De retour, Lao Tia, qui se pique de savoir les usages, verse un doigt de vin dans le verre et, main gauche derrière le dos, attend son approbation. Le breuvage n’en vaut pas la peine, mais Roetgen se plie quand même au glouglou chichiteux de la première gorgée. Ils sont tacitement copains, le serveur et lui, depuis que le vieil homme s’est aperçu que Roetgen baragouinait sans trop d’erreurs le mandarin. Lao Tia a appris son métier au café Kiessling de Tientsin, avant l’avènement du régime communiste ; ces derniers jours, il a eu avec son client de longues conversations nostalgiques sur la Chine à la grande époque des concessions étrangères. Mais ce soir il comprend que quelque chose ne va pas et laisse Roetgen devant sa liasse de feuilles dactylographiées, sans dire un mot, respectueux de son ivresse naissante et, dirait-on, thérapeutique.

Sous le pont menant à l’île de Taipa, loin derrière les hauts palmiers bordant l’hôtel, une jonque, toutes voiles dehors, semble figée dans la touffeur, engluée sur l’eau couleur de lœss. Roetgen se replonge dans ses papiers. Alluvions… un texte commencé deux ans plus tôt, quelques jours seulement après son arrivée à Tientsin.
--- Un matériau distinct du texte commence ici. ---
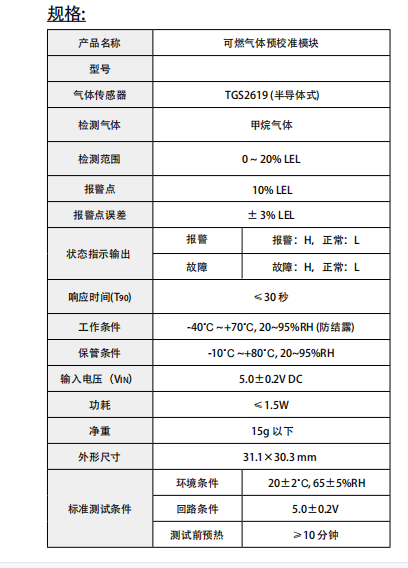 日本FIGARO 可燃?xì)怏w預(yù)校準(zhǔn)模塊 FSM-19T-02 參數(shù):

Il se souvient du plissement de lèvres de Warren, concentré sur la frappe d’un manuscrit dont il ne comprenait pas un traître mot.

 

 

Le moustique atomique

 


* * *

 

 

Il neige sur Tientsin, et les fumées d’usines, rendues plus noires par ce contraste, balaient la libellule de soie rouge qu’il aperçoit, très loin, par sa fenêtre. D’une main engourdie par le froid, il a purgé de nouveau le radiateur pour essayer de faire monter un peu d’eau chaude jusqu’à lui. Et comme chaque fois, bien sûr, il n’a pas réussi à éviter le jet d’urine sournois de la machine. À l’endroit où la flanelle de son pantalon est mouillée, sa peau se glace peu à peu.
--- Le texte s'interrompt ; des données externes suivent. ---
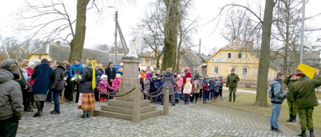 VĖLIAVA: Rozalimo mokyklos moksleiviai ir mokytojai šv. mišiose už Lietuvos Nepriklausomybę pašventintą trispalvę, aidint savanorių salvėms, iškėlė miestelio skvere prie Angelo.

Il tombe alors dans un des deux sordides fauteuils verts qui lui sont alloués – tendus de plastique à motifs irisés, le même exactement que celui des protège-cahiers de son enfance. Une gorgée de l’infect brandy local, prise au goulot, une cigarette vite allumée après celle qu’il vient d’écraser sur une sous-tasse… La Chine, du moins ce qu’il en voit, ressemble à La Garenne-Bezons. Plus que temps, se dit-il, d’ouvrir enfin la lettre de Thaïs. Elle est arrivée ce matin du Brésil, et il a sciemment attendu ce pic de déprime avant de la lire : sur les timbres on peut voir un colibri, deux tatous et un bosquet d’arbres à pain. Décision prise, l’urgence est telle que dans sa hâte il déchire avec l’enveloppe une partie des feuillets qu’elle contient.

Et Thaïs est là, pareille à elle-même, avec ses formes rondes, sa voix lisse et chantante, et le soleil carioca de son argot. Elle parle de tout et de rien, de ses amours, de leurs amis communs dans une ville où, il n’y a pas si longtemps, il la côtoyait encore. Son nouvel amant est merveilleux, un Italien cette fois, qui parvient, chose rare, à satisfaire son insatiable appétit de sexe et de tendresse. Mais elle en est lasse déjà, il le devine, et mentionne incidemment un Hollandais qui vient d’aborder au Yacht Club et cherche à écouler les quelque trois cents bouteilles de Cutty Sark dont il a truffé son voilier au Cap-Vert.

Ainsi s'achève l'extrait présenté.